# Material provided:

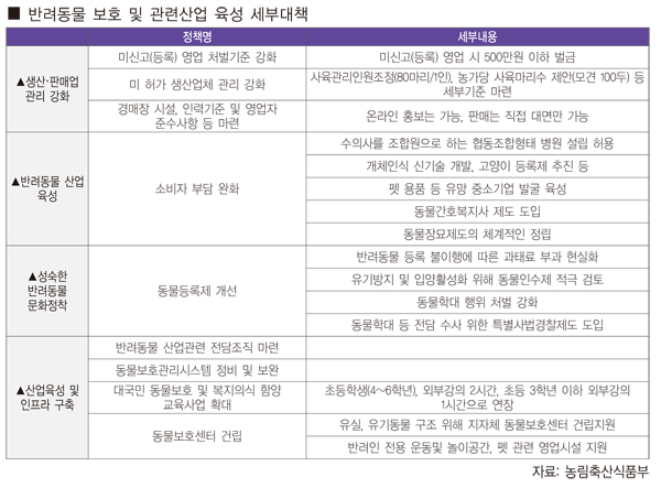 정부가 발표한 반려동물 육성 정책은 △생산・판매업 관리・감독 강화 △반려동물 관련 산업의 건강한 육성 △성숙한 반려동물 문화 정착 △산업육성 인프라 구축 및 일자리 창출 등 4가지로 요약된다.
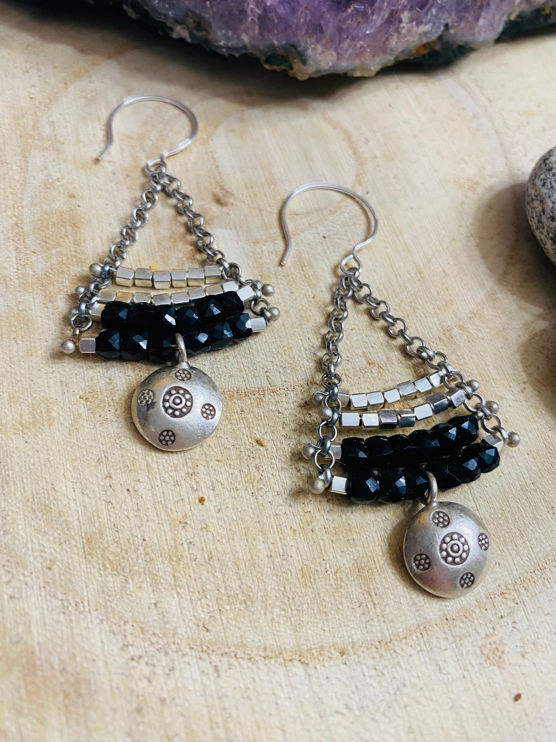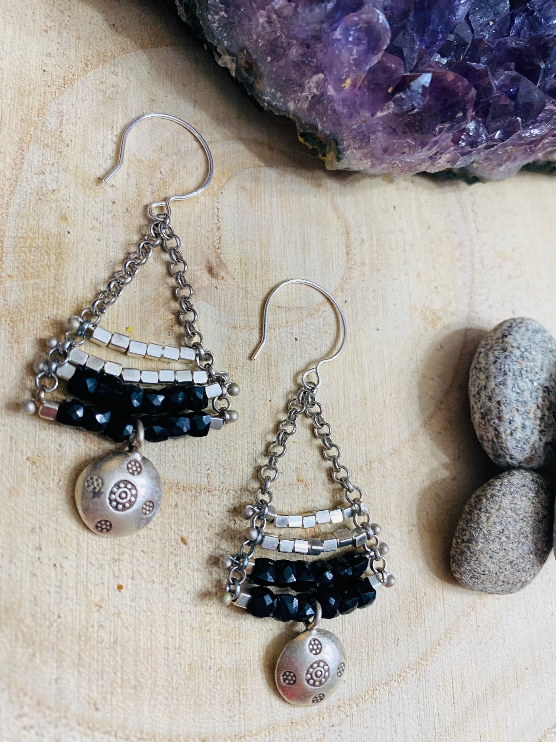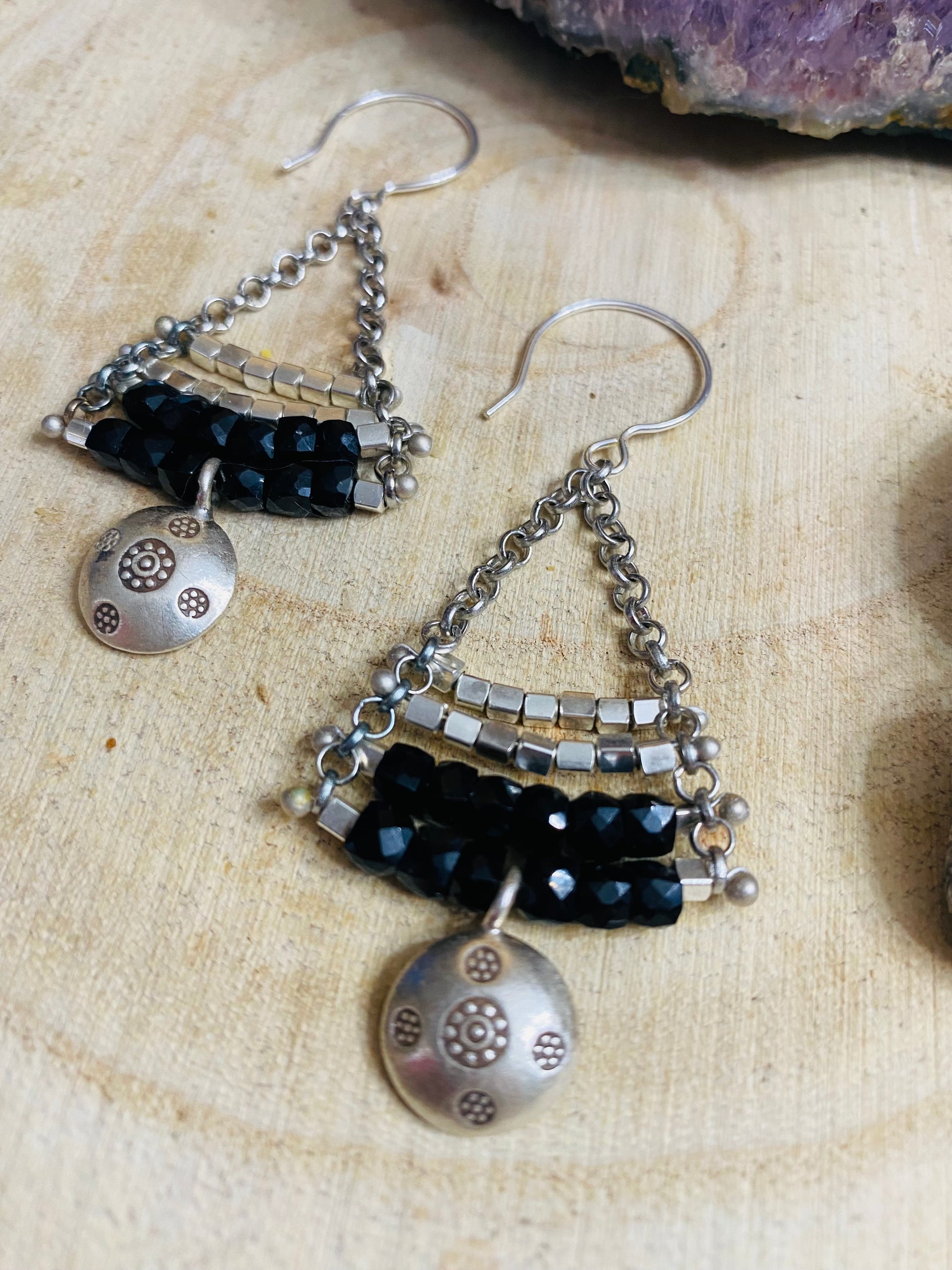Sultry swings of faceted box cut onyx gems matched with tiny silver boxes and Bali silver drops.
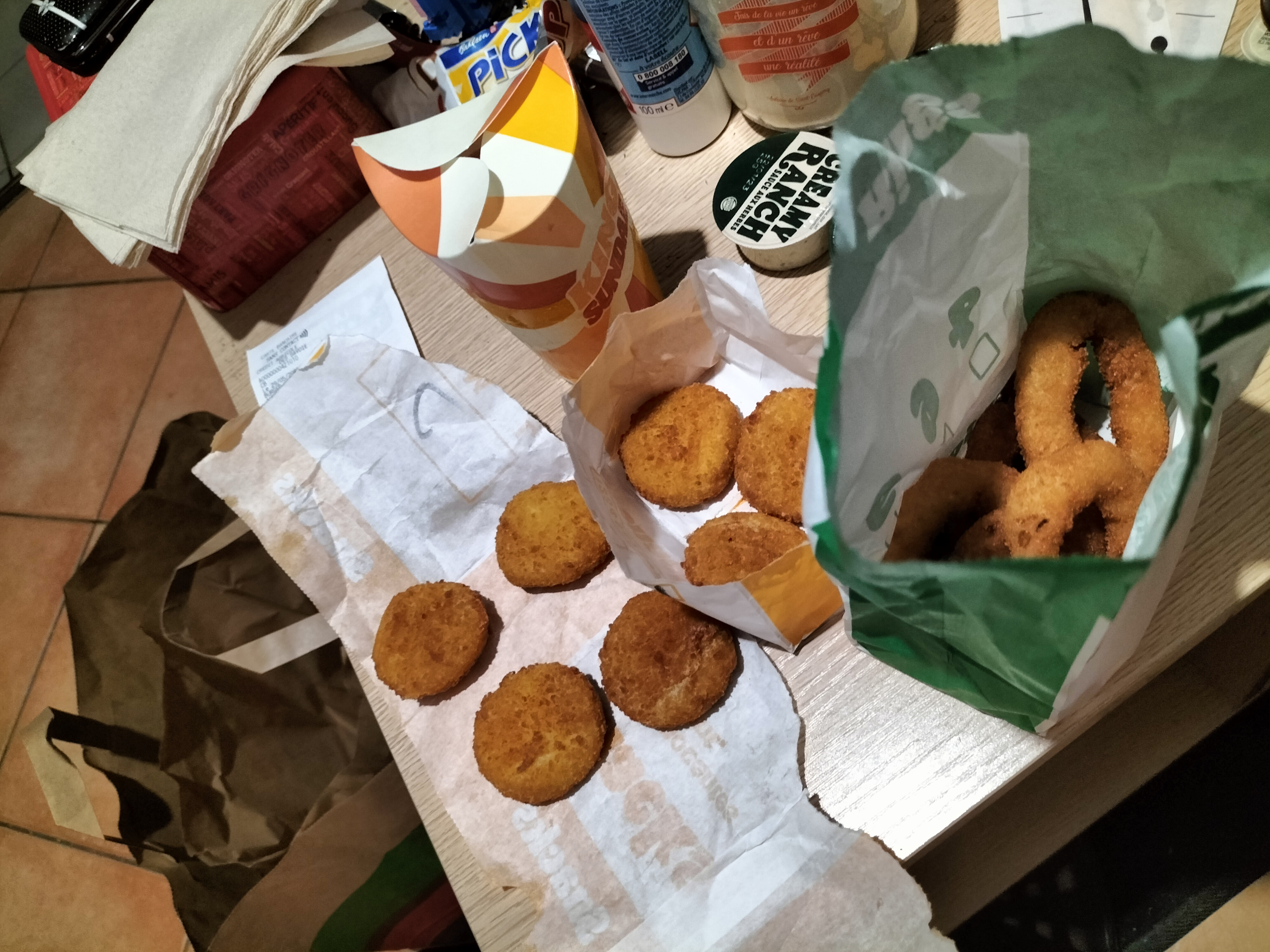 Déçu!!!! Pas beaucoup de monde!! Mais quand même 2 crousty chèvre sur 9 et 3 onion rings sur 9 manquant dommage que c'était a emporter car sinon je leur aurait dit... Sans parler des sauces qu'il faut ouvrir avec les ongles car la pellicule ne s'enlève pas....
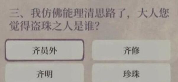 3、我仿佛能理清思路了,大人您觉得盗珠之人是谁?
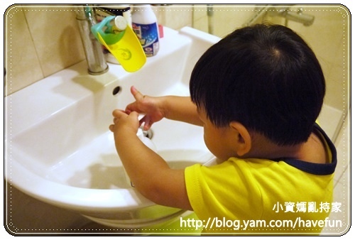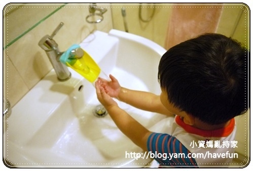 改用洗手乳後,小允又會自己跑去拿洗手乳玩,反而弄得到處都髒髒的
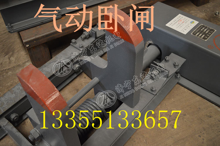 气动卧闸通过气体动力实现卧闸的关闭,依靠弹簧力自动开启,始终处于对一方向矿车开启阻车状态,阻挡此方向矿车,防止矿车自溜,当此方向矿车需要通过卧闸时,利用气动操作关闭卧闸放行矿车,当矿车通过后,卧闸自动开启,对反方向运行矿车不用操作就可通过气动卧闸,通过后自动开启,所以此款阻车器,又可叫做自复式阻车器。
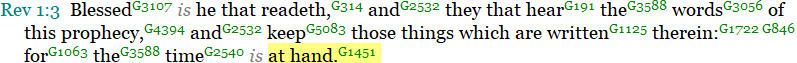 In Revelation 1:3, we read: “….for the time is at hand (‘eggus’).”
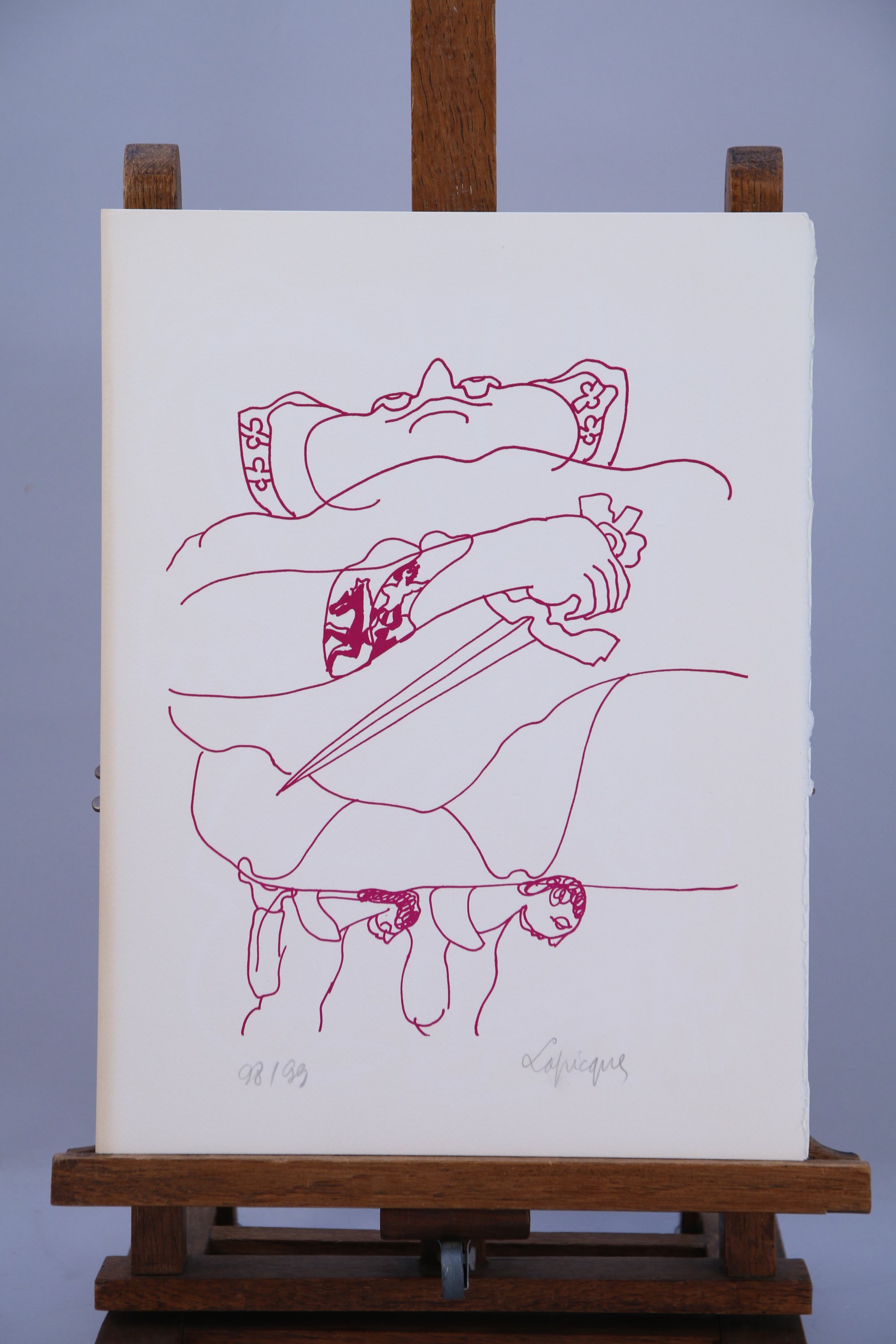 Bibliographie : Me Georges BLACHE & M. Bernard BALANCI, "Charles Lapicque, Catalogue raisonné de l'oeuvre complet des lithographies - eaux fortes et gravures", 1981, la titrée reproduite p. 120.
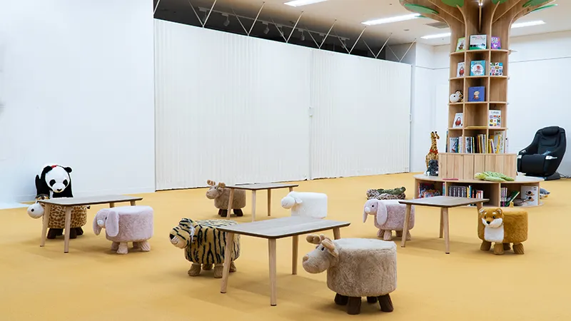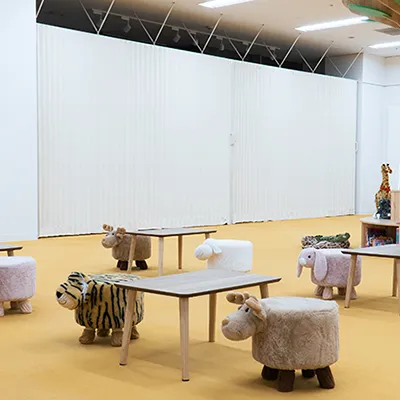 キッズパークレインボー内に飲食店はございませんので、お客様でご用意の上、こちらのスペースをご利用ください。
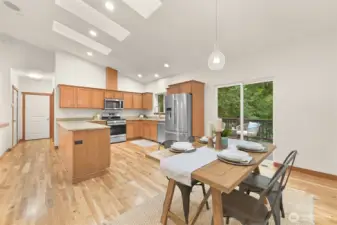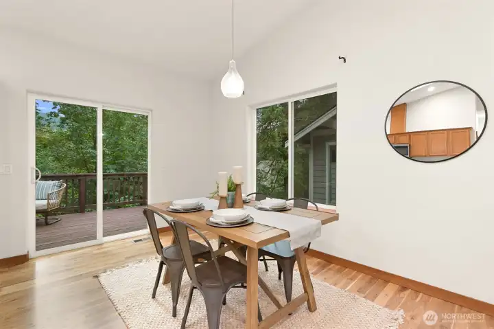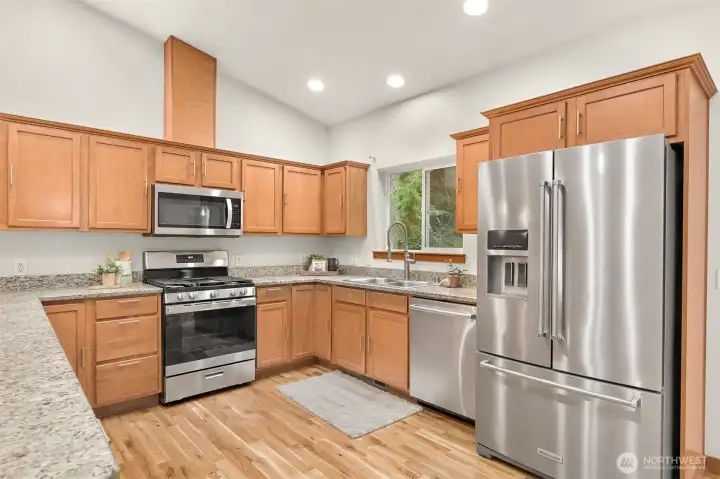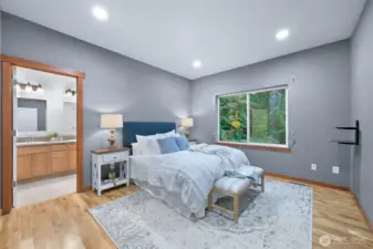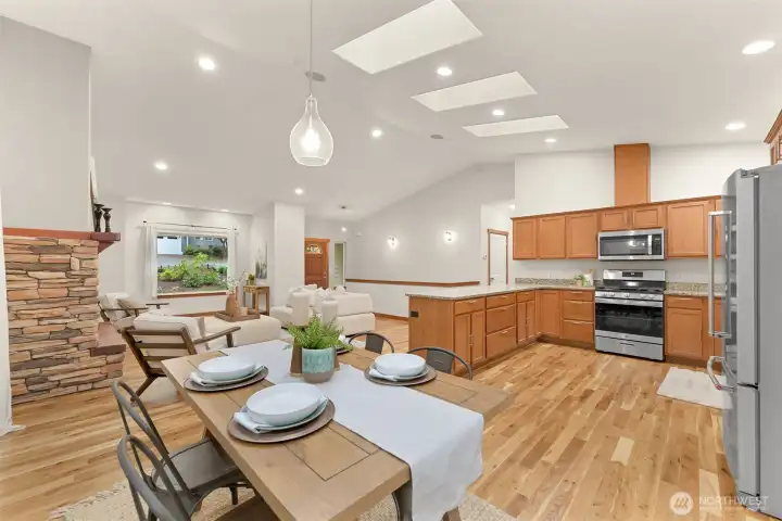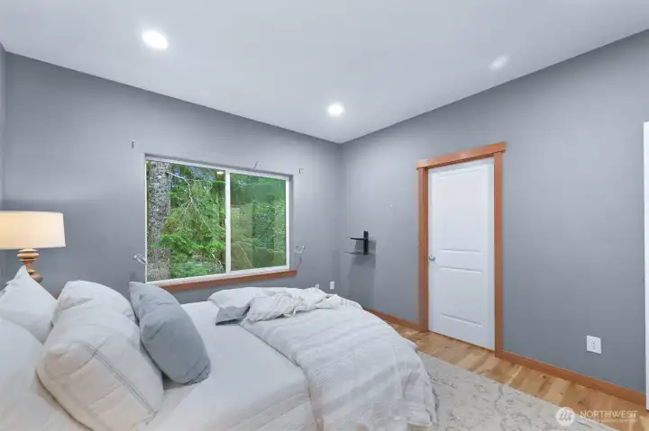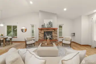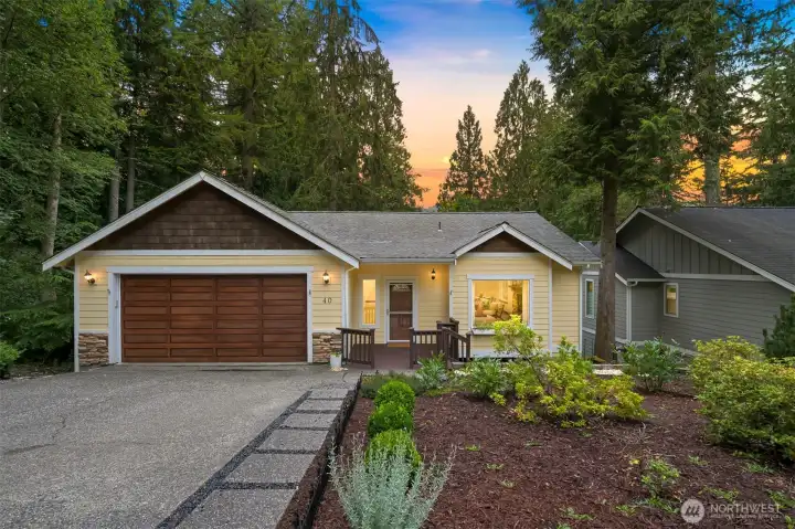 Craftsman-style home backing to a peaceful creek and lush greenbelt! Vaulted ceilings with skylights let in an abundance of light, highlighting the open-concept design, centered around a stone-accented fireplace. Spacious kitchen features granite counters, tons of cabinetry, and recently updated SS appliances. Primary suite is located on the main level. Downstairs offers a great room, two additional bedrooms, and high ceilings throughout. Hardwood floors run throughout the main level that have recently been refinished. Enjoy nature from two decks—one off the dining area and a larger one on the lower level great for entertaining. Short distance to Lookout Mountain trails & close proximity to all that Sudden Valley has to offer!
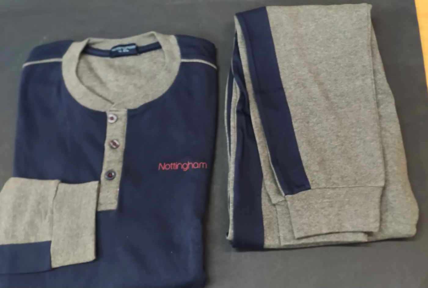 Ανδρική Βαμβακερή Πυζάμα NOTTINGHAM Homewear 35158,γκρι/μπλε.
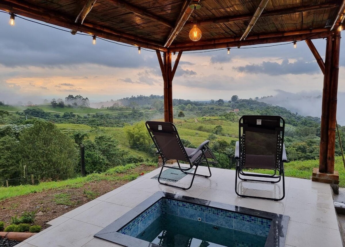 迷人的小木屋和基克拉澤斯石窟式熱水浴缸,地理位置優越,位於咖啡區的中心。 水療和夜燈展示、生態步道、觀鳥、蝴蝶、野生動物、竹海全景、日出和多色日落。 -距離國際機場22分鐘 -距離Expofuturo 20分鐘 - 22分鐘即可抵達Ukumari動物園 -前往Cerritos del Mar Mall需時25分鐘 -距離Filandia/Salento-Valle del Cocora 44-57分鐘 -距離Panaca 55分鐘 -距離Parque del café 1小時
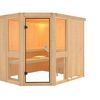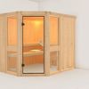 Die Karibu Innensauna Amelia 3 bietet ein geräumiges und modernes Design, perfekt für vier Personen. Sie verfügt über drei bequeme Bänke und eine breite Glastür. Die offene und helle Atmosphäre wird durch die großen Glaswände auf beiden Seiten der Tür noch verstärkt. Das einzigartige Eckdesign mit einer geschwungenen Front verleiht der Sauna ein modernes und verspieltes Aussehen, das sich nahtlos in jeden Raum einfügt.
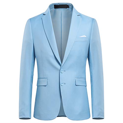 Allthemen Blazer da Uomo a Due Bottoni con Spacco Posteriore in Tinta Unita Jacket da Abito d'Affari Business Blu Cielo XS

# Exercise objective:
Copy exactly the part of the material above that opens with the line containing "3、我仿佛能理清思路了,大人您觉得盗珠之人是谁?" and closes with the line containing "キッズパークレインボー内に飲", ends included. Drop the images.

# Answer box:
 3、我仿佛能理清思路了,大人您觉得盗珠之人是谁?
 改用洗手乳後,小允又會自己跑去拿洗手乳玩,反而弄得到處都髒髒的
 气动卧闸通过气体动力实现卧闸的关闭,依靠弹簧力自动开启,始终处于对一方向矿车开启阻车状态,阻挡此方向矿车,防止矿车自溜,当此方向矿车需要通过卧闸时,利用气动操作关闭卧闸放行矿车,当矿车通过后,卧闸自动开启,对反方向运行矿车不用操作就可通过气动卧闸,通过后自动开启,所以此款阻车器,又可叫做自复式阻车器。
 In Revelation 1:3, we read: “….for the time is at hand (‘eggus’).”
 Bibliographie : Me Georges BLACHE & M. Bernard BALANCI, "Charles Lapicque, Catalogue raisonné de l'oeuvre complet des lithographies - eaux fortes et gravures", 1981, la titrée reproduite p. 120.
 キッズパークレインボー内に飲食店はございませんので、お客様でご用意の上、こちらのスペースをご利用ください。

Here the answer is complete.